Problem details:
Please repeat every record exactly, leaving out any pictures.

### Listed entries

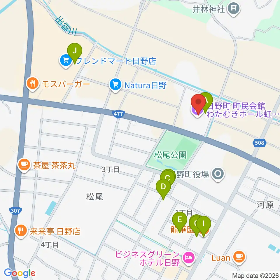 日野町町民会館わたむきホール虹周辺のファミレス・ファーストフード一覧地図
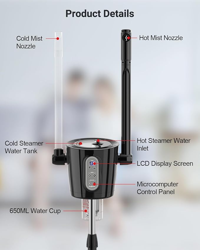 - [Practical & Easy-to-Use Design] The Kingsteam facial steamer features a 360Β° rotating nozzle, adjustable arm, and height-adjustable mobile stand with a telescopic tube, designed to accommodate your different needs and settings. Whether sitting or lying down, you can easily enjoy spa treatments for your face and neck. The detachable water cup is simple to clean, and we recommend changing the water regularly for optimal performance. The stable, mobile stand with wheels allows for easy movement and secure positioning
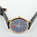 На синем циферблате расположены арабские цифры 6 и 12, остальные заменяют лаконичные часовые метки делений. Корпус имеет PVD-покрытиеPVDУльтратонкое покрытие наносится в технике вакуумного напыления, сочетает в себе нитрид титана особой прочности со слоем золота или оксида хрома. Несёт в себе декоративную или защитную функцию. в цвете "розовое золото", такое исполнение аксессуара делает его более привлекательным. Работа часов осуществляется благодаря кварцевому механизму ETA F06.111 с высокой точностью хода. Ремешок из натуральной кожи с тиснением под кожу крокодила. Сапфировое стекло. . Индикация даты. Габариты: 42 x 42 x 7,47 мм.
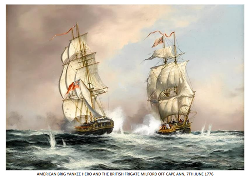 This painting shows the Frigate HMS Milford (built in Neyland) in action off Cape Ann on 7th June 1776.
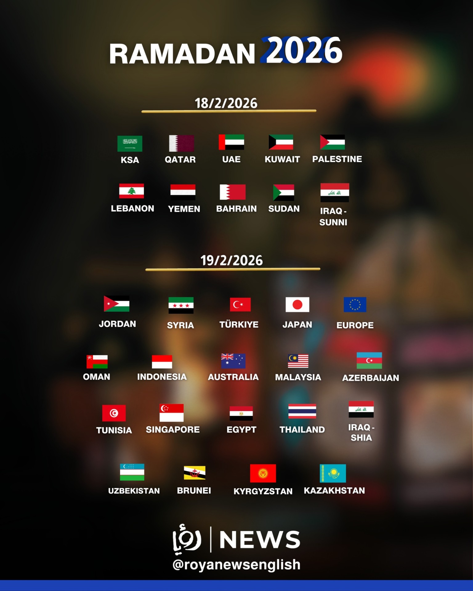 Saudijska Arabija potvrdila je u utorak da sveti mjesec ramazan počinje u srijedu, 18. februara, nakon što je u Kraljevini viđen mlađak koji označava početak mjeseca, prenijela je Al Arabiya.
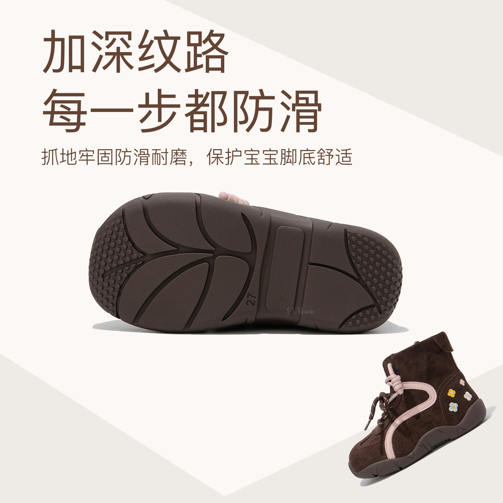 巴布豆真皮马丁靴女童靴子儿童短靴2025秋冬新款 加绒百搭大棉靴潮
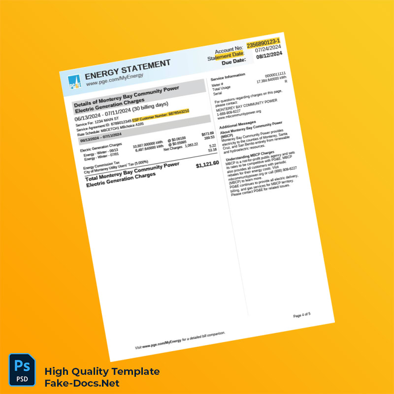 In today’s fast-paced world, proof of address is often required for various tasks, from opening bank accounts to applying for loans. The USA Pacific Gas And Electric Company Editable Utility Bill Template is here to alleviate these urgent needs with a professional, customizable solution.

######

Response:
 日野町町民会館わたむきホール虹周辺のファミレス・ファーストフード一覧地図
 - [Practical & Easy-to-Use Design] The Kingsteam facial steamer features a 360Β° rotating nozzle, adjustable arm, and height-adjustable mobile stand with a telescopic tube, designed to accommodate your different needs and settings. Whether sitting or lying down, you can easily enjoy spa treatments for your face and neck. The detachable water cup is simple to clean, and we recommend changing the water regularly for optimal performance. The stable, mobile stand with wheels allows for easy movement and secure positioning
 На синем циферблате расположены арабские цифры 6 и 12, остальные заменяют лаконичные часовые метки делений. Корпус имеет PVD-покрытиеPVDУльтратонкое покрытие наносится в технике вакуумного напыления, сочетает в себе нитрид титана особой прочности со слоем золота или оксида хрома. Несёт в себе декоративную или защитную функцию. в цвете "розовое золото", такое исполнение аксессуара делает его более привлекательным. Работа часов осуществляется благодаря кварцевому механизму ETA F06.111 с высокой точностью хода. Ремешок из натуральной кожи с тиснением под кожу крокодила. Сапфировое стекло. . Индикация даты. Габариты: 42 x 42 x 7,47 мм.
 This painting shows the Frigate HMS Milford (built in Neyland) in action off Cape Ann on 7th June 1776.
 Saudijska Arabija potvrdila je u utorak da sveti mjesec ramazan počinje u srijedu, 18. februara, nakon što je u Kraljevini viđen mlađak koji označava početak mjeseca, prenijela je Al Arabiya.
 巴布豆真皮马丁靴女童靴子儿童短靴2025秋冬新款 加绒百搭大棉靴潮
 In today’s fast-paced world, proof of address is often required for various tasks, from opening bank accounts to applying for loans. The USA Pacific Gas And Electric Company Editable Utility Bill Template is here to alleviate these urgent needs with a professional, customizable solution.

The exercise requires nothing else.